A Zero não chegou a concretizar a ameaça de queixa à Comissão Europeia, por causa da referida “manipulação grosseira” dos números, que o Governo contestou na altura. Mas Berkemeier mostra-se satisfeito pelo respaldo que o mais recente relatório dá às criticas que fez no início do ano, ainda que sem a mesma contundência. A primeira recomendação de Bruxelas a Portugal, face ao risco de o país falhar as metas de 2020, é uma “revisão dos cálculos que estão neste momento a ser usados para determinar o contributo para os objectivos que se assume vir das unidades de TMB [tratamento mecânico e biológico]”.
Aliás, a Comissão pede que se verifique se as projecções de performance das unidades de TMB existentes nos vários sistemas de gestão de resíduos “são realísticas”, e solicita uma revisão das políticas de encorajamento da recolha selectiva, de modo a perceber-se se elas serão suficientes para atingir o objectivo. E a isto acrescenta uma proposta de avaliação das taxas de gestão de resíduos (TGR) praticadas actualmente (a aplicar por tonelada de lixo depositada em aterro ou entregue para incineração), para ver “se são altas o suficiente para servir como incentivo à introdução de sistemas de recolha selectiva”. Dependendo dos resultados, uma revisão das taxas pode vir a ter de ser considerada com urgência, defende a Comissão.
Neste aspecto, a posição da Zero, do Governo e das empresas do sector não podia ser mais divergente. Os ambientalistas, em linha com este relatório, nota Berkemeier, pedem uma maior penalização do envio de lixo para queima – que, dada a componente de valorização energética, paga 2,2 euros por tonelada, um quarto dos 8,8 euros/ton de TGR estabelecida para o ano em curso, e aplicável para a deposição em aterro. E contestam o preço bonificado a que é comprada a energia produzida nas centrais de incineração. Em contrapartida, vários sistemas de gestão de resíduos – e entre eles os dois maiores, a Lipor e a Valorsul – apostam nestas unidades, recusando que a valorização energética atrase o cumprimento das metas de reciclagem.
Todo o discurso do relatório de alerta da Comissão vai, contudo, no sentido da necessidade de incrementar a separação na origem – em casa – e a recolha selectiva, bem como para um aumento das responsabilidades dos produtores de embalagens. No primeiro caso, a Zero insiste nas críticas ao actual sistema, baseado nos ecopontos, e aponta o caminho para a recolha porta-a-porta, que está a ser alargado, em várias zonas urbanas do pais, precisamente para garantir, nesta recta final, o cumprimento das metas. Já em relação ao segundo aspecto, Berkemeier relembra contas feitas no ano passado, em que denunciara a existência de 500 mil toneladas de embalagens que não tinham pago, em 2016, a taxa de reciclagem a que cada produtor está obrigado, para financiar o circuito de reaproveitamento destes materiais.

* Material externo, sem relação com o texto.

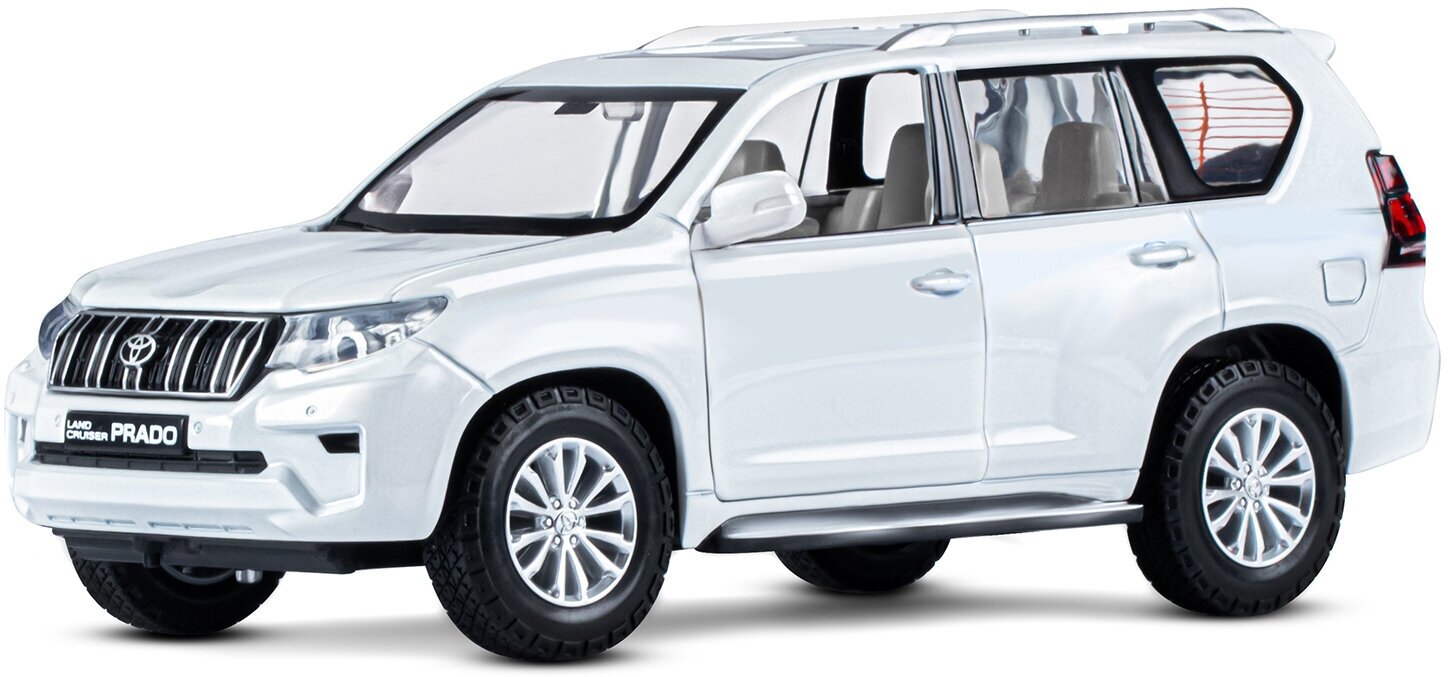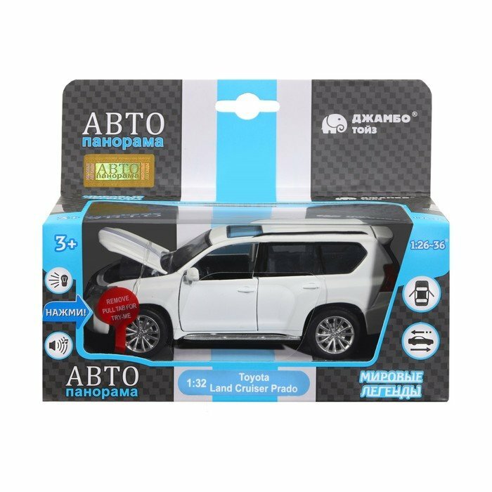 Машинка металлическая ТМ "Автопанорама", 1:32 Land Cruiser Prado, белый, инерция, свет, звук, открывающиеся двери

De fora desta lista de recomendações ficou a adopção de medidas que responsabilizem os cidadãos/consumidores pelo destino a dar aos resíduos que produzem. Em Portugal, a Lipor, por exemplo, desenvolveu uma experiência-piloto de PAYT (Pay As You Throw, ou pague consoante o que deita fora) numa área restrita do concelho da Maia – o concelho campeão da reciclagem na região –, permitindo que três mil munícipes paguem apenas pelo lixo indiferenciado que efectivamente produzem.
Esta experiência, que merece um apoio generalizado, tarda em ser alargada a mais habitações da região e a outros sistemas e cidades do país, não permitindo, desta forma, que se desligue do consumo de água a taxa paga pelos cidadãos para o tratamento de resíduos, nem que se valorize, na factura mensal, os comportamentos mais amigos do ambiente. No entanto, os ecopontos domésticos que a Lipor está a entregar em várias zonas urbanas da região já vêm equipados com um chip, permitindo, no futuro, a adopção deste tipo de incentivos. Que, com outras medidas, nota Rui Berkemeier, podem ajudar Portugal a sair do grupo de países em risco de falhar as metas para o sector.